Dalam mimpi itu kulihat beberapa ekor lembu yang disembelih, kulihat di mata
pedangku ada rompal dan aku memasukkan tanganku dalam baju besi yang sangat
kokoh.”
Beberapa ekor sapi itu dita’wil
(ditafsir) dengan beberapa orang para sahabat yang terbunuh, maka pedang beliau
yang rompal itu dita’wili dengan anggota keluarga beliau ada yang tertimpa
musibah dan baju besi mereka ta’wil dengan Madinah.
Dengan mimpinya itu beliau
mengusulkan kepada para sahabat agar tidak perlu keluar dari Madinah, cukup
bertahan di dalam Madinah.

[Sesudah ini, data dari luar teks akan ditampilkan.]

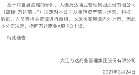 2021年3月24日,大连万达商业管理集团股份有限公司(简称“万达商业”)发布通告称,基于对自身战略的研判,决定对本公司从事轻资产商业运营、科技、数据、人员等相关资源进行重组,以尽快实现境内外上市,因此决定撤回万达商业A股IPO申请。
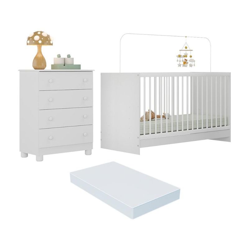 Casa e DecoraçãoMóveisBerço e ColchãoBerço 3 em 1 com Colchão Incluso e Cômoda 4 Gavetas Sol Multimóveis MP4776

Jika orang-orang musyrik ingin tetap bertahan di
luar Madinah tanpa mau melakukan serangan, biarlah mereka berbuat seperti itu
dan keadaan ini dibiarkan menggantung tanpa adanya sebuah kejelasan. Jika mereka
masuk ke dalam Madinah, maka orang-orang Muslim akan menyerbu mereka dari
mulut-mulut gang dan para wanita melancarkan serangan dari atap-atap rumah. Inilah
pendapat yang disampaikan. Abdullah bin Ubay sangat menyetujui akan pendapat
ini, yang pada saat itu dia juga ikut hadir dalam majlis permusyawaratan
sebagai wakil dari pemuka Khozroj. Dia menyetujui pendapat ini bukan karena
faktor strategi perang, tetapi agar memungkinkan baginya untuk menjauhi
peperangan tanpa mencolok mata dan dia bisa menyelinap tanpa diketahui oleh
seorang pun.
Namun ALLooh SWT berkeinginan
melecehkan dirinya dan rekan-rekannya di hadapan orang-orang Muslim untuk
pertama kalinya, dan menyingkap tabir yang dibelakangnya ada kekufuran dan
kemunafikan.
Sehingga dalam kondisi yang
sangat rawan itu orang-orang Muslim bisa mengatur ular-ular berbisa yang
menyelinap di balik kesamar-samaran.
Sekumpulan para sahabat yang
tidak ikut serta dalam perang Badar sebelumnya, mengusulkan kepada Nabi
Muchammad SAW agar ke luar dari Madinah. Bahkan mereka sangat ngotot dengan
usulan ini. di antara tokoh kelompok yang sangat berantusias ini adalah Hamzah
bin Abdul Muththolib, paman RosuuluLLooh SAW, yang pada perang Badr dia hanya
menggantungkan pedangnya. Dia berkata kepada beliau SAW, “Demi yang telah
menurunkan Al Kitab kepada engkau, aku tidak akan memberi makanan sehingga
membabat mereka dnegan pedangku di luar Madinah.”
RosuuluLLooh SAW mengabaikan
pendapat beliau sendiri karena mengikuti pendapat yang mayoritas. Maka ditetapkan
untuk keluar Madinah dan bertempur di kancah terbuka.